Leave the pictures out, and repeat exactly every line from the one with "Medaile pro všechny" through the end of the data below.

Raw data |
────

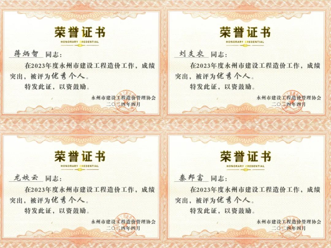 ????在剛剛結(jié)束的2023年度永州市建設工程造價工作中,我公司四位杰出的同事——龍姣云、蔣炳智、泰邦富和劉支農(nóng),憑借在各自崗位上的出色表現(xiàn),榮獲“2023年度優(yōu)秀個人會員”。
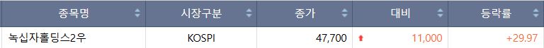 24일 코스피 시장에서 상한가를 기록한 종목은 녹십자홀딩스2우 1종목이다. 특별한 호재성 공시나 이슈는 없었던 것으로 파악된다.
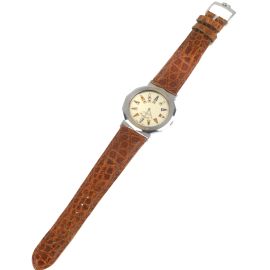 cassa in acciaio, fondello a pressione, lunetta liscia in acciaio, quadrante panna, indici con bandiere marinare, movimento a carica automatica, cinturino non originale in pelle marrone con fibbia in acciaio marcata Corum, vetro minerale. Diam. mm 34. Corredato di scatola e garanzia.
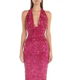 The Emilee Dress is a striking piece that fuses timeless style with contemporary glamour. This midi-length dress shimmers with her burgundy sequin fabrication and her halter neck style silhouette. She is complete with a centre-back metal zipper and a sultry plunge back that will surely leave a lasting impression on your next special occasion.
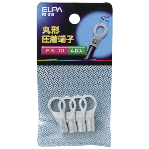ELPA Round Terminal (R8-10) Round Crimp Terminal R8-10 29.8mm 2.89~3.65mm Stranded Wire 6.64~10.53 4 Pieces PS-810
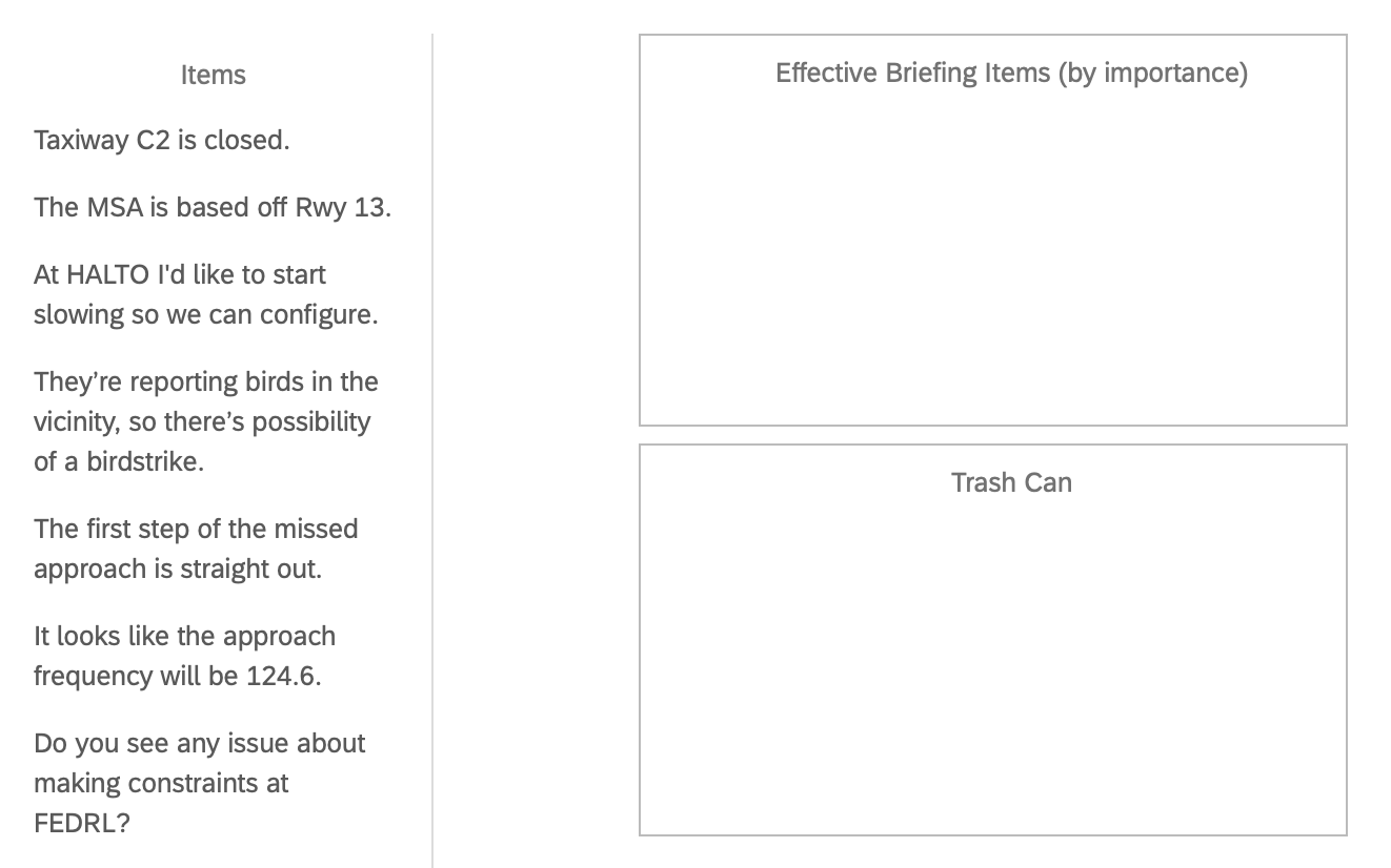 Like the generative tasks, the review tasks involved two parts: a briefing and then a reactive action plan. The same scenario was used for these review tasks as was used for the generative task within each version of the assessment. Participants then sorted briefing or action plan items into “effective items” or a trash can and ordered the effective items by importance (see Figure 3).
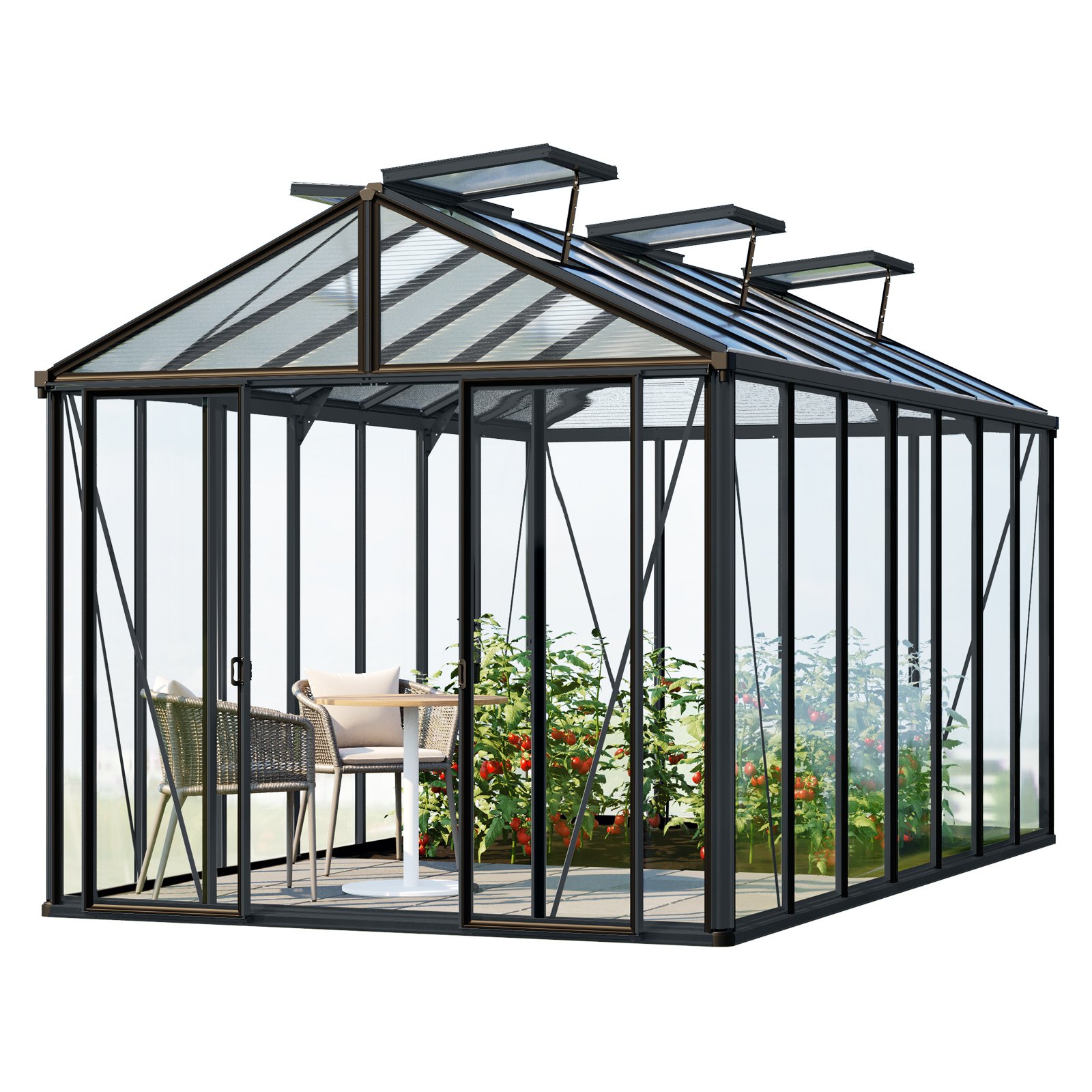 GFP Serre de jardin Hera 3 serre en verre 263x199 cm structure aluminium couleur anthracite avec ouvre-fenêtres auto. et table rabattable
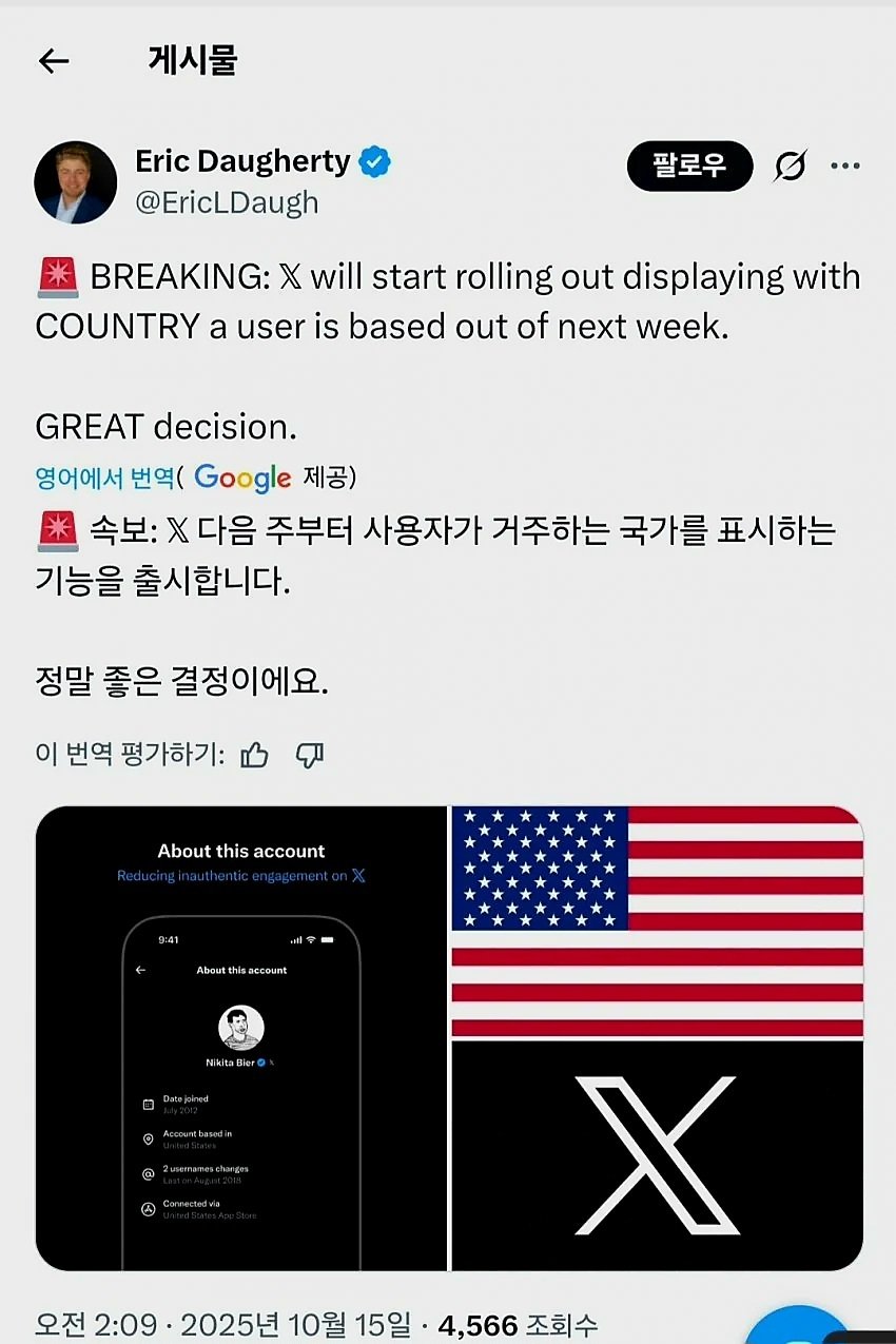 X(구: 트위터) 다음주부터 국적표시 의무화 댓글 0 조회 575 7시간전 작성자 : 개장수11 좋아요 팔로우 게시글 보기 우리나라 네이버야말로 국적표시 도입이 필수일듯 하네요... 개장수11님의 최신 글 10.16 여사친과 레즈바를 가본 썰 10.16 싱글벙글 난리난 씹덕겜 콜라보 제품 10.16 산속 폐허에서 발견된 물건 10.16 딸내미의 장난에 눈앞이 깜깜해짐 10.16 깨끗이 정리한 일본 우동집 10.16 폐관수련하면 안되는 이유 10.16 한국 치안이 좋은 이유를 단번에 설명해주는 글 10.16 학교 열쇠 레전드 10.16 스마트폰 발명 후 최악의 기술 10.16 오늘 서비스 종료 했다는 넥슨 게임
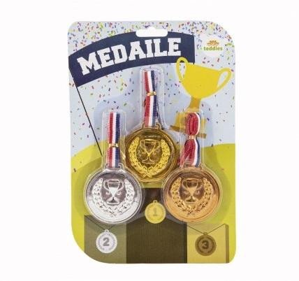 Medaile pro všechny malé vítěze. Sada tří medailí se stužkou. Děti mohou soutěžit v různých disciplínách s nadějí, že se postaví na stupně vítězů a budou odměněni medailemi. Zajistěte dětem medaile do soutěží! Vhodné pro děti od 3 let.
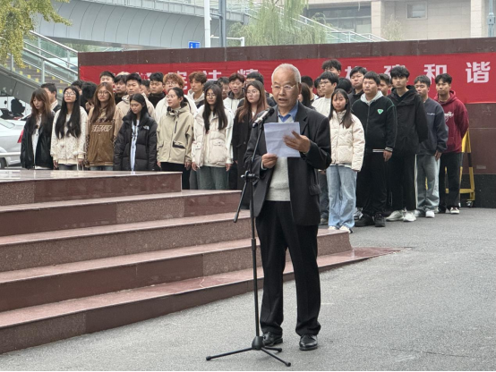 岳学超作国旗下讲话,他深刻阐述了抗美援朝战争胜利的伟大意义,号召全体师生要继承和发扬抗美援朝精神,坚定理想信念,勇于担当时代赋予的历史使命,为实现中华民族伟大复兴的中国梦贡献自己的青春力量。他强调,要是树立规矩意识,做遵规守纪的践行者;二要强化纪律观念,做自我提升的推动者;三要弘扬清风正气,做优良学风的引领者;四要践行青春誓言,做民族复兴的接班人。
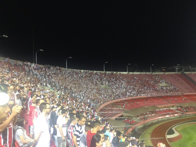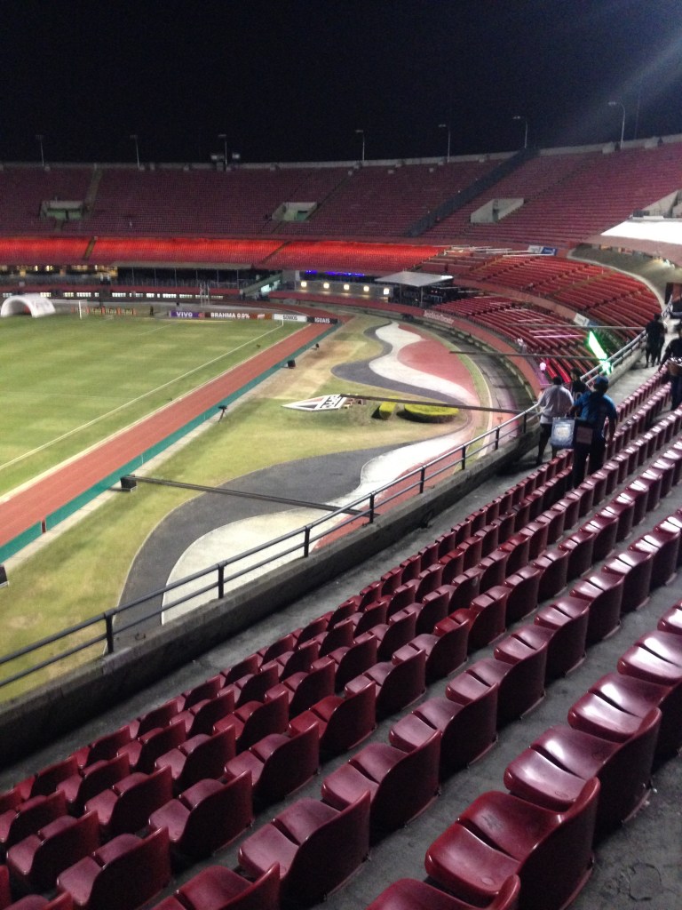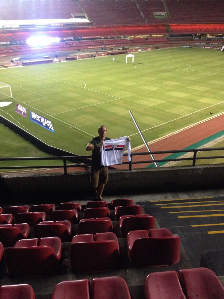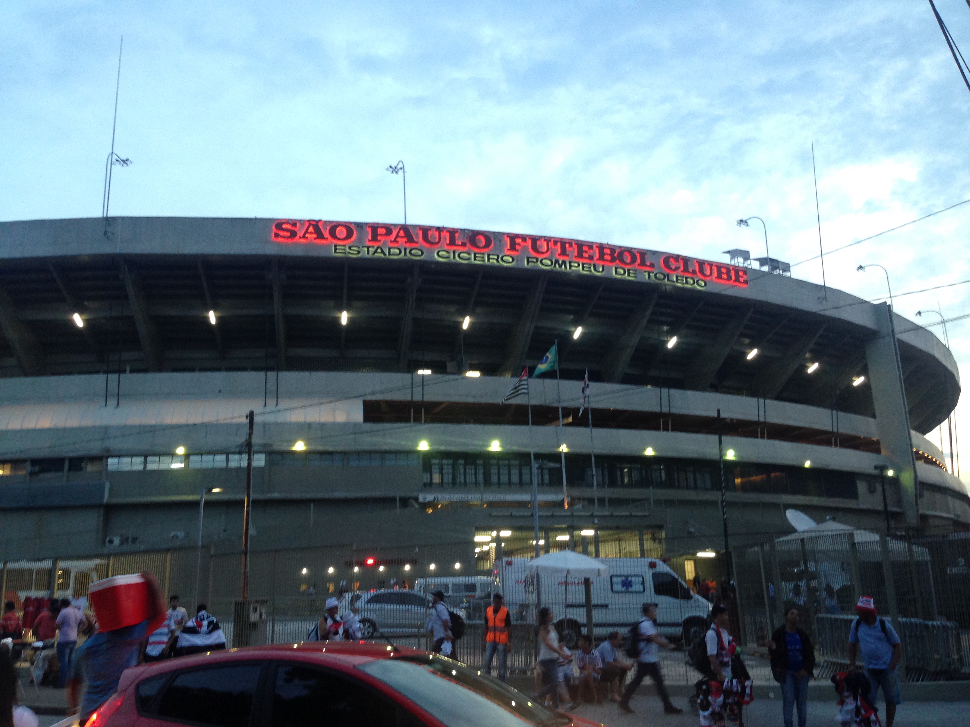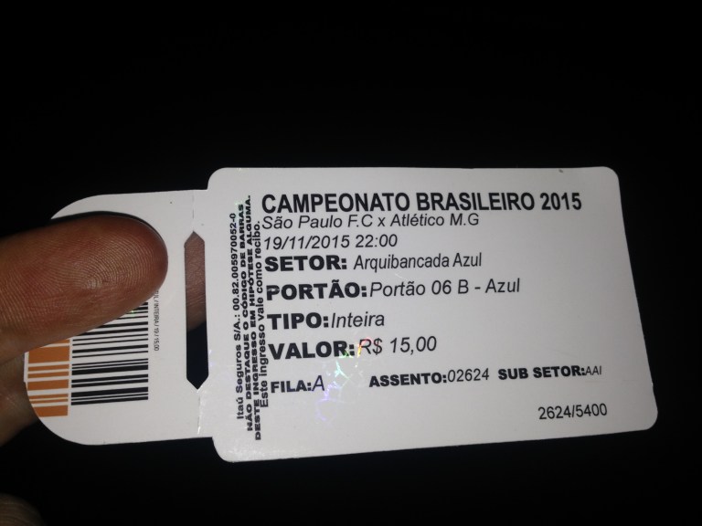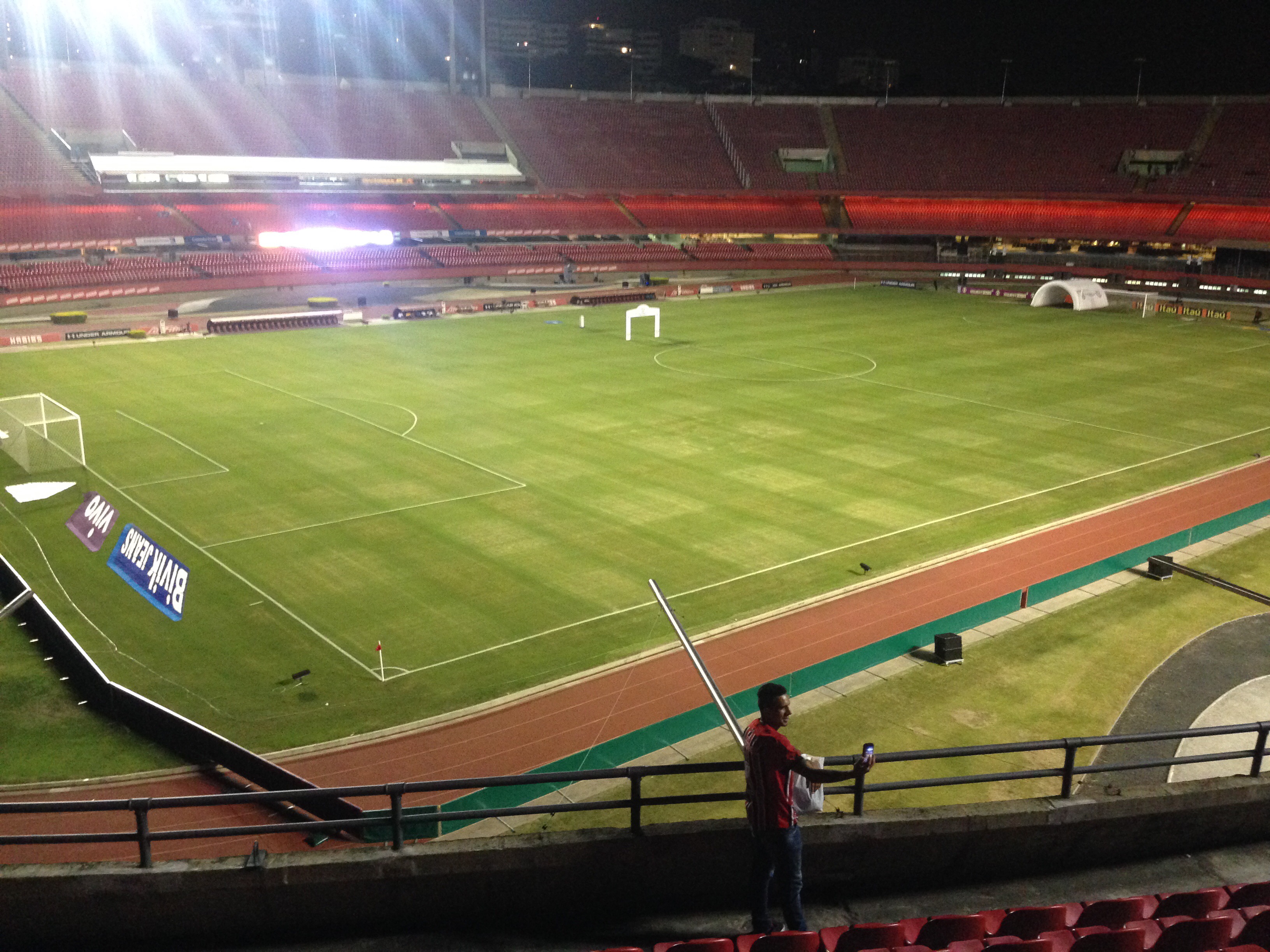 Finally I’m going to experience my first taste of Brazilian football! We arrived with plenty of time before K.O. and this gave me some time to get some photos of the stadium itself and get to have a little walk around where I was. I hadn’t a foggiest how safe the area was or where I was exactly, all I could see infront of me was the huge Estadio do Morumbi. Probably best I get a ticket first! Would you believe it, 45 Brazilian Real for a ticket practically seating anywhere in the stadium! That works out about £12! Just shows you how over priced things are back home! Once purchased I thought might be a good idea to buy a local jersey also! There are guys everywhere selling fake kits and this is like every football fans paradise if your into kit collecting! It did make me laugh though how sheepish they got when local policia went past ha! I found one guy selling shirts which looked as good as the current kit, long sleeved also. It was a dam good fake as he let me inspect it fully, even looked quite real with fact it had on it what looked like the actual kit designer on it as well. It was a no brainer for me. I bartered, got the price down and bought it there and then. Bring it on Minerio!

────

Output below |
 Medaile pro všechny malé vítěze. Sada tří medailí se stužkou. Děti mohou soutěžit v různých disciplínách s nadějí, že se postaví na stupně vítězů a budou odměněni medailemi. Zajistěte dětem medaile do soutěží! Vhodné pro děti od 3 let.
 岳学超作国旗下讲话,他深刻阐述了抗美援朝战争胜利的伟大意义,号召全体师生要继承和发扬抗美援朝精神,坚定理想信念,勇于担当时代赋予的历史使命,为实现中华民族伟大复兴的中国梦贡献自己的青春力量。他强调,要是树立规矩意识,做遵规守纪的践行者;二要强化纪律观念,做自我提升的推动者;三要弘扬清风正气,做优良学风的引领者;四要践行青春誓言,做民族复兴的接班人。
 Finally I’m going to experience my first taste of Brazilian football! We arrived with plenty of time before K.O. and this gave me some time to get some photos of the stadium itself and get to have a little walk around where I was. I hadn’t a foggiest how safe the area was or where I was exactly, all I could see infront of me was the huge Estadio do Morumbi. Probably best I get a ticket first! Would you believe it, 45 Brazilian Real for a ticket practically seating anywhere in the stadium! That works out about £12! Just shows you how over priced things are back home! Once purchased I thought might be a good idea to buy a local jersey also! There are guys everywhere selling fake kits and this is like every football fans paradise if your into kit collecting! It did make me laugh though how sheepish they got when local policia went past ha! I found one guy selling shirts which looked as good as the current kit, long sleeved also. It was a dam good fake as he let me inspect it fully, even looked quite real with fact it had on it what looked like the actual kit designer on it as well. It was a no brainer for me. I bartered, got the price down and bought it there and then. Bring it on Minerio!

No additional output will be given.